Here, West One reassigned Mr. Poll to a position where he had the potential to earn a higher salary than he was currently earning. Further, Mr. Poll could have advanced to managerial positions. The Polls’ contrary arguments are based on Mr. Poll’s subjective beliefs and do not create genuine issues of material fact. Thus, the Polls have not overcome the presumption that Mr. Poll’s resignation was voluntary.

Because there was no discharge, the Polls’ remaining counterclaims of retaliatory discharge and wrongful discharge against public policy must fail. Accordingly, the trial court properly granted West One’s motion for summary judgment dismissal of the Polls’ counterclaims.

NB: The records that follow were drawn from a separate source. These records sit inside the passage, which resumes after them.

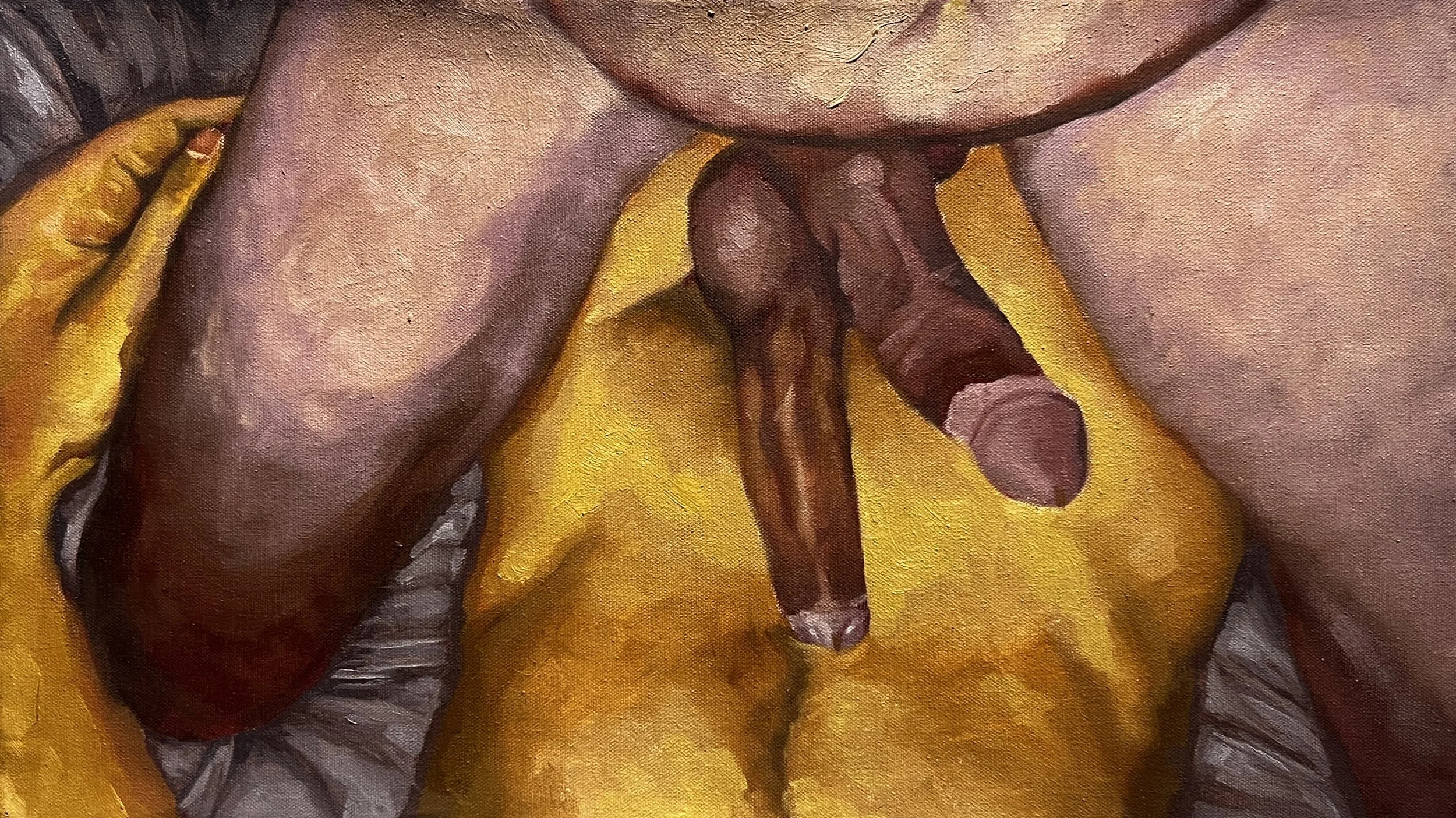 Come Where The Boys Are (2024) engages with the notion of ephemeral desire through exploring the relationship between queer intimacy and distance. These works are part of a series in oil painting on board.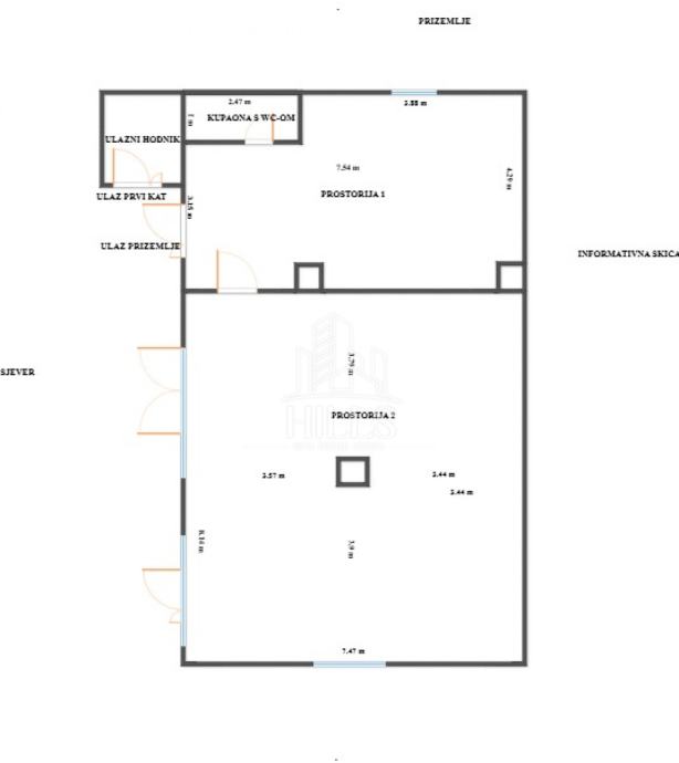 Na svakoj etaži se nalazi prostorija sa zasebnim ulazom i sanitarnim čvorom.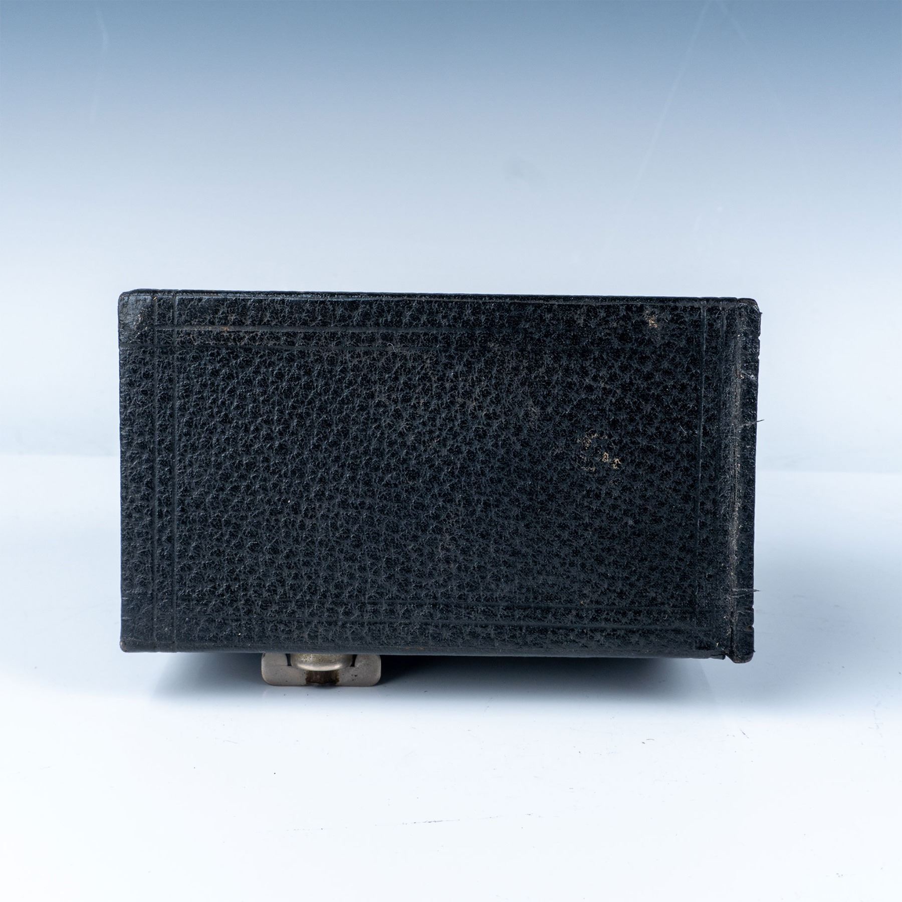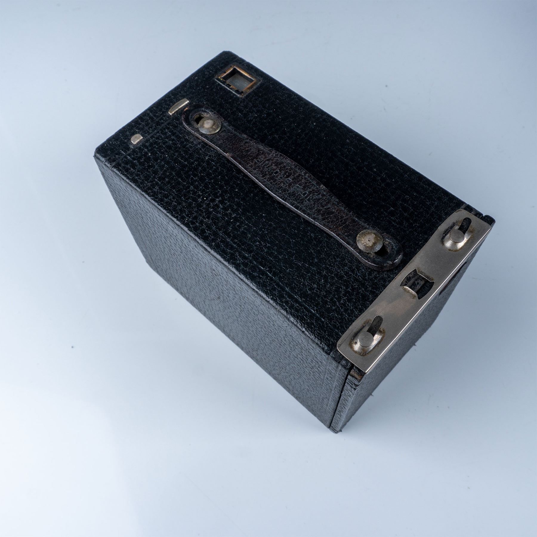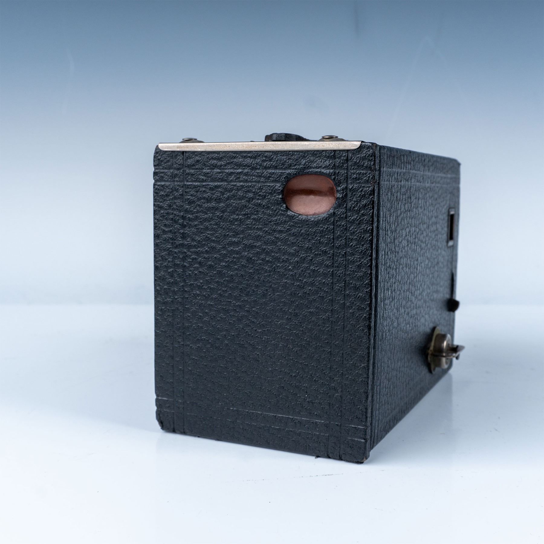 Known for its simplicity and durability, the Brownie series was instrumental in making photography accessible to the masses. Metal with a leatherette covering. Designed for 120 roll film.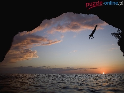 Skała, Skok, Wody, Słońca, Morze, Zachód, Do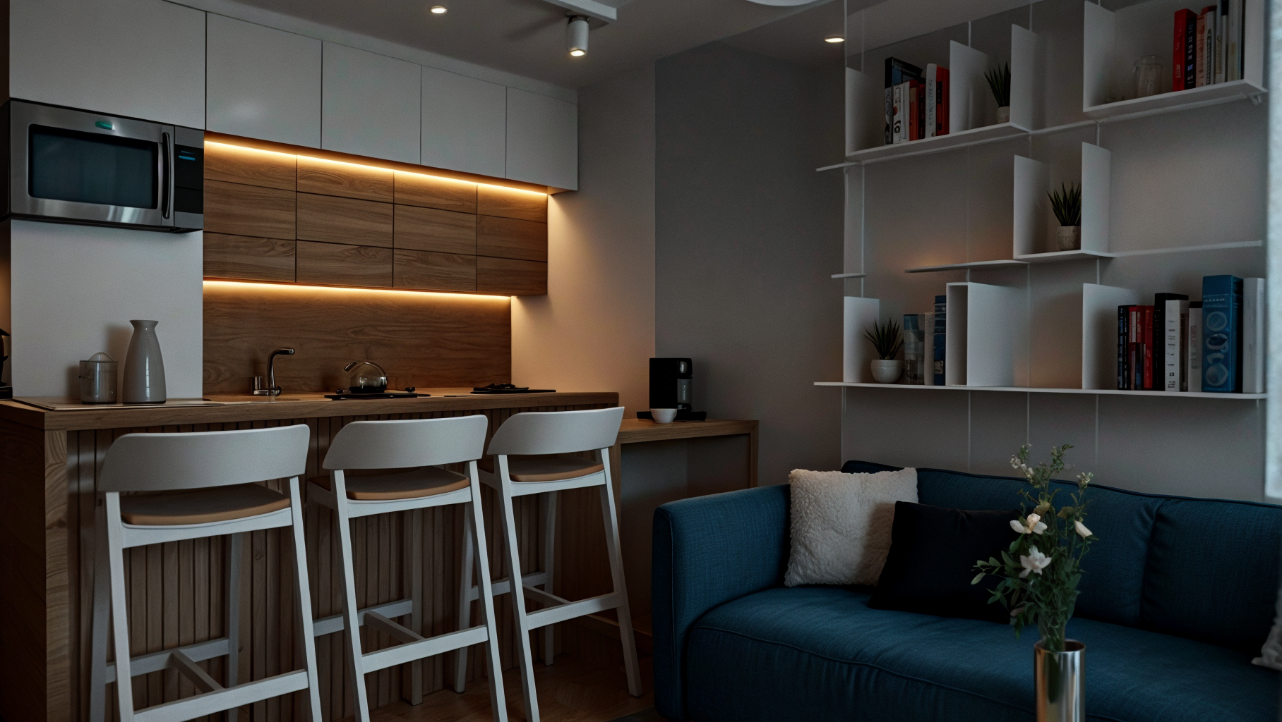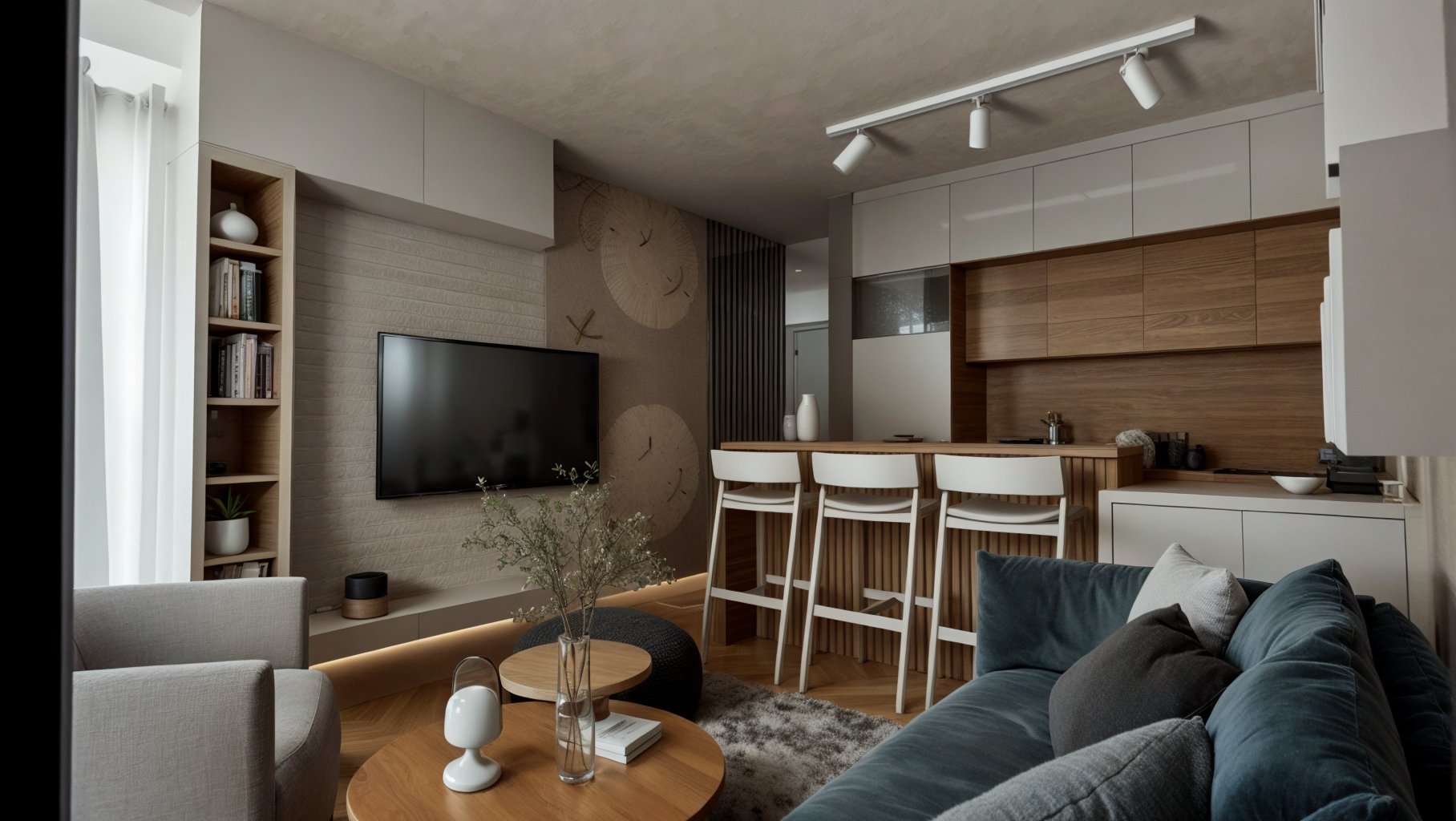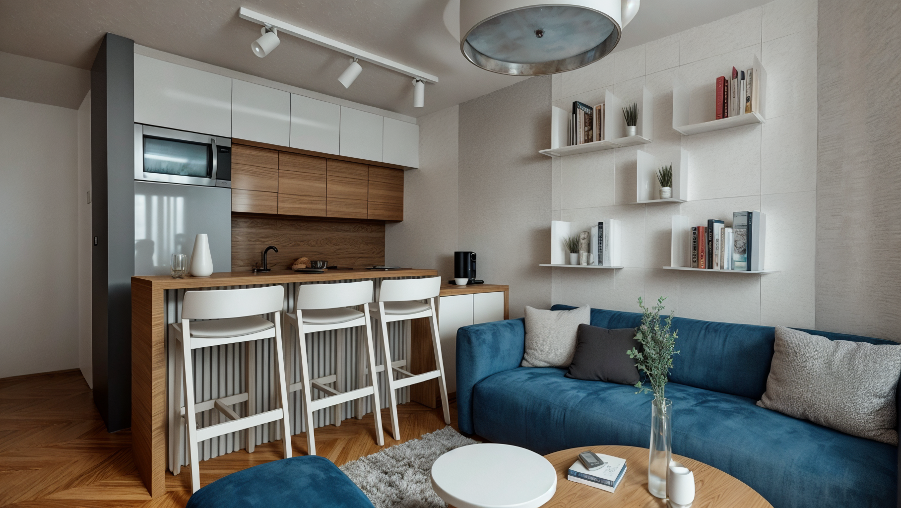 The living room is separated from the kitchen area by a bar/island that also contains storage space. The kitchen is only 180 cm long, but the space is used in the best way so that it contains all the necessary elements and the work area.

In the last sentence of the respondent’s brief under the heading, “Conclusion,” West One requests attorney fees and costs. Since its request does not satisfy RAP 18.1(b), which requires a party to devote a section of its brief to attorney fees, we deny West One’s request.

Affirmed.

A majority of the panel has determined this opinion will not be printed in the Washington Appellate Reports, but it will be filed for public record pursuant to RCW 2.06.040.

KULIK, J. and STEPHENS, J. PRO TEM, concur.

[1] The court also entered judgment in favor of West One for $35,148.33, based on an arbitration award.